Addendum 7-1: Searched Google for "household hints stain remov*" and got this academic essay on little known women poets of the Renaissance.
Other recent absorbing surfing included:
Memo to Media Monopolists (echoes that excellent NY Times magazine article on the dinosaur thinking of the music industry, was in a special issue devoted to music.)
Information Monopolies (by Representative Bernie Sanders)
The First Amendment: We can all get sidetracked in abstractions and situation-specific ethics, but this page from the American Library Association reminds us what it's all about. The amandment, commentary, and links. Great information to bookmark for the Fourth of July.
The Patriot Act. Congress jumped on the security bandwagon post-September 11 with this broad legislation. Forget hearsay and rumor, read the act yourself and check out the excellent links.
The ACLU's Patriot Act page. More analysis from those watchdogs of civil liberties.

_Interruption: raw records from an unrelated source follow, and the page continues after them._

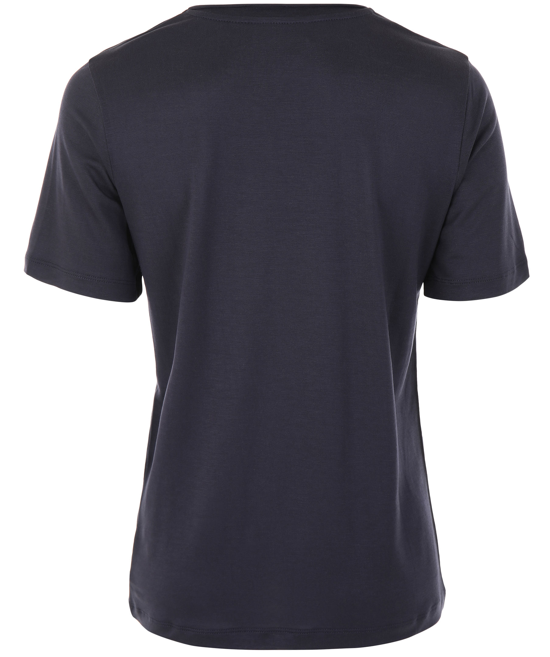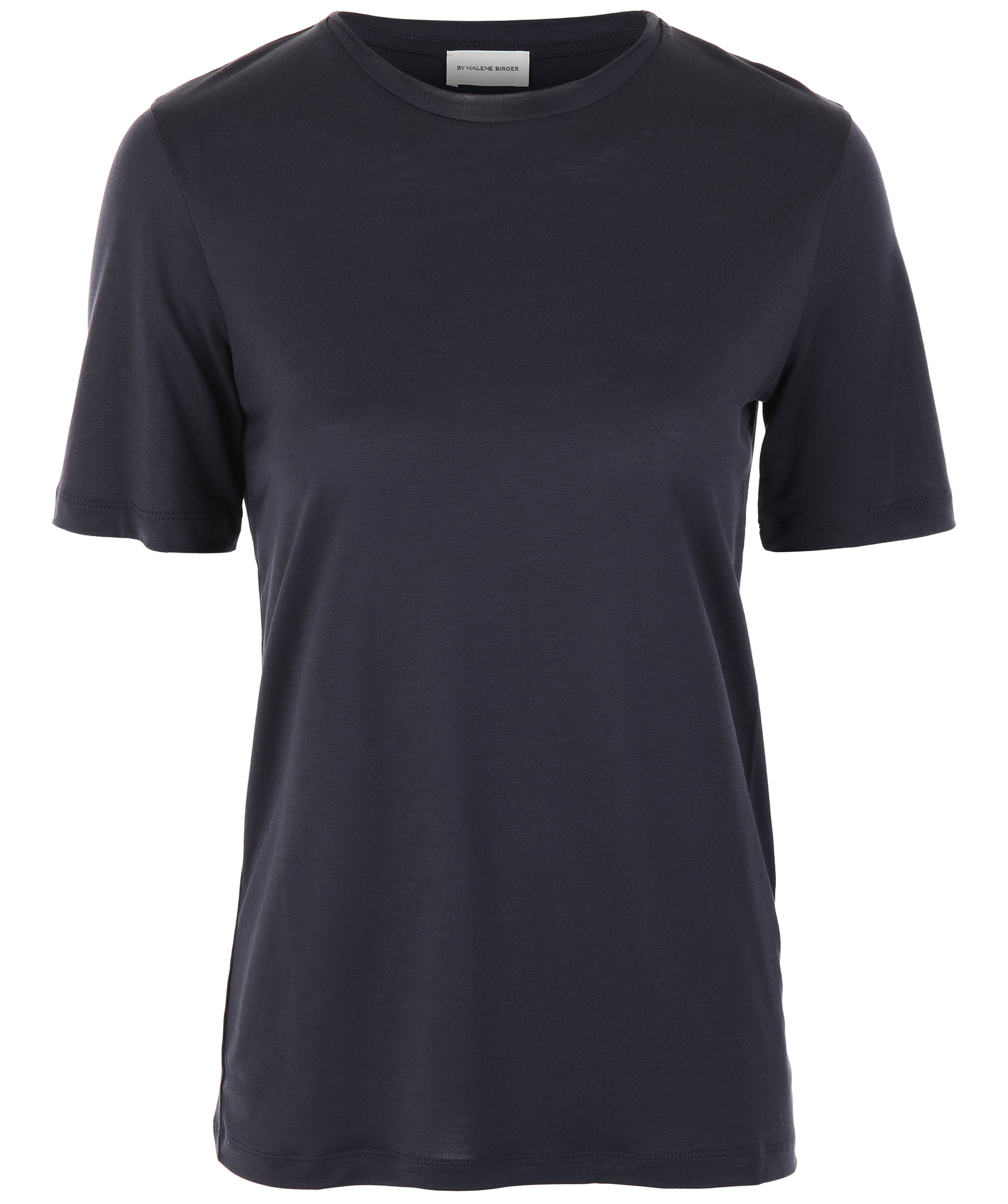 Marinblå t-shirt med rundad halsringning från by Malene Birger. Hög halsringning med rå kant och har en rak modell. Tillverkad i 100% lyocell.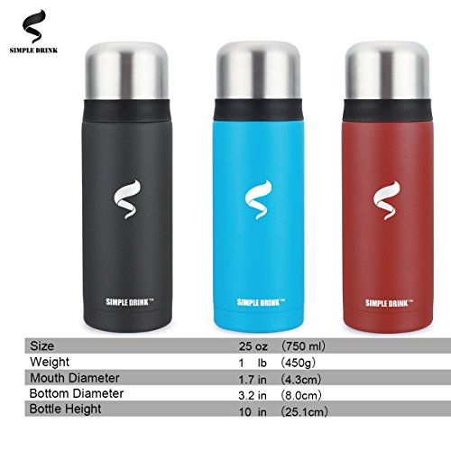 Simple Drink 25oz BPA Free Insulated Water Bottle - Stainless Steel Thermos Coffee Travel Mug - Vacuum Sealed Hydro Metal Flask for Outdoor Home Office School, Keep Ice Cold up to 36 Hours!
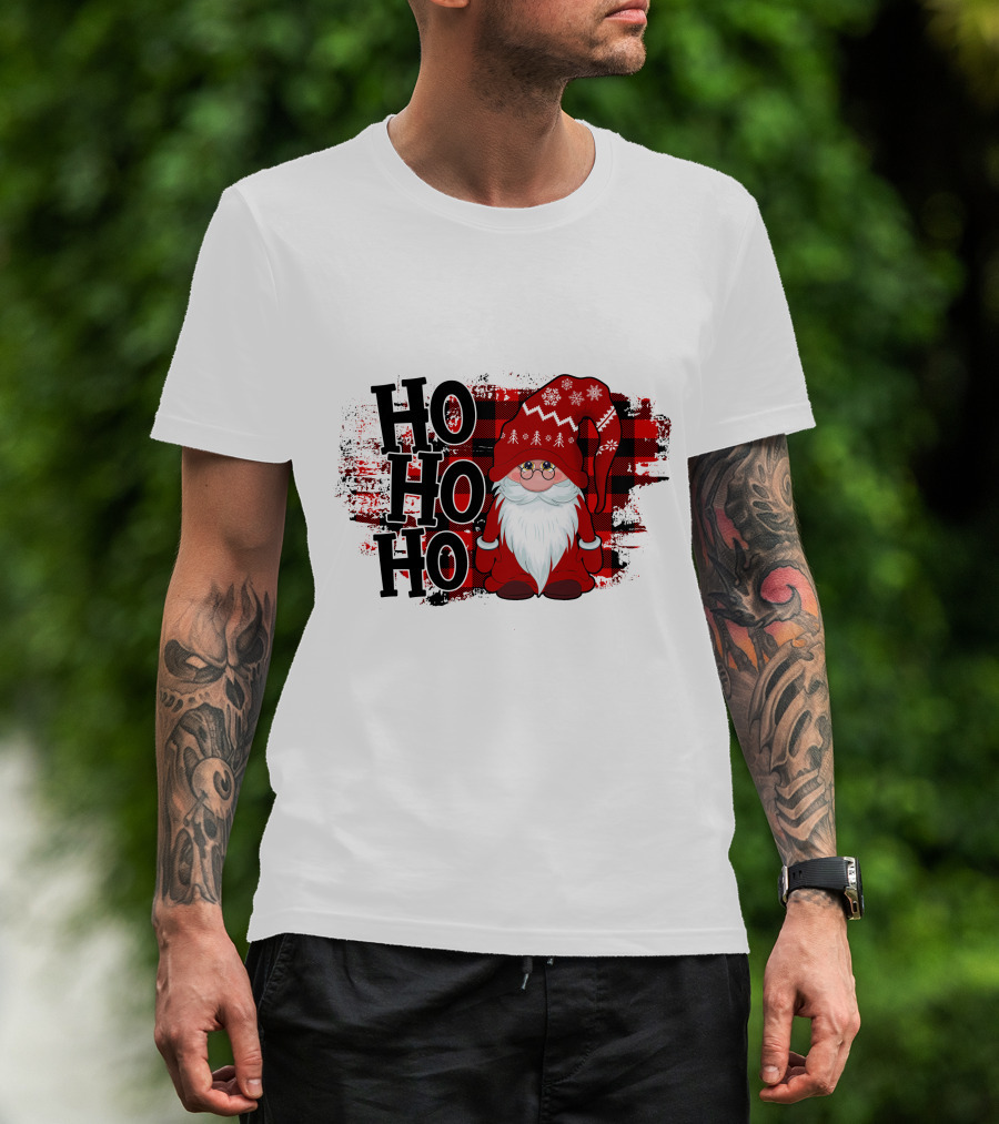 The Ho Ho Ho Gnome Christmas Plaid Santa T-shirt is designed for everyday wear and a consistent fit. Fabric is pre-shrunk ring-spun cotton with durable stitching. See the size chart below for exact measurements.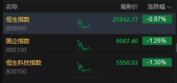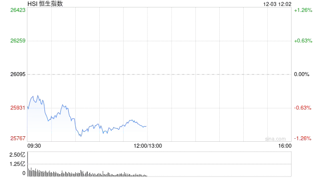 12月3日,香港股市三大指数低开低走。截至午间收盘,恒生指数下跌0.97%,报25842.77点;恒生科技指数下挫1.30%,国企指数跌幅为1.26%。盘面上,科技股普遍表现疲软,网易跌幅超过3%,哔哩哔哩下跌逾2%,阿里巴巴、快手、联想及腾讯均跌超1%。相比之下,有色金属板块表现活跃,中国铝业(601600)涨幅突破5%;汽车股走势偏弱,小鹏汽车跌幅超过3%;生物医药板块整体回调,药明合联跌逾3%。今日两只新股登陆市场,乐摩科技暴涨56%,金岩高岭新材料上涨超过1%。

The FBI wants to track your web trail
Intellectual Freedom. What is it? How is it being compromised? What is being done?
So I'm cleaning the place. This seems picayune, perhaps, when I'm unemployed and not making art. But I've been going full tilt for week now, with perhaps a week to go. This is only a 250-square foot space. Perhaps about the size of your living room. And I have the detritus of my entire life here (minus, okay, clothes, books, cds etc. with ex-bf in Berlin, a set of dishes and glasses and several boxes of childhood books and college papers in my brother's attic, and college books and toys/momentos at mom's). And two of us live here. Was supposed to be a stop-gap situation, but we could pay three times this amount in NY for the same amount of space, so the choice I made 9 years ago now that this apartment was a good starter place in Manhattan has sort of become the only place I'll ever have in Manhattan.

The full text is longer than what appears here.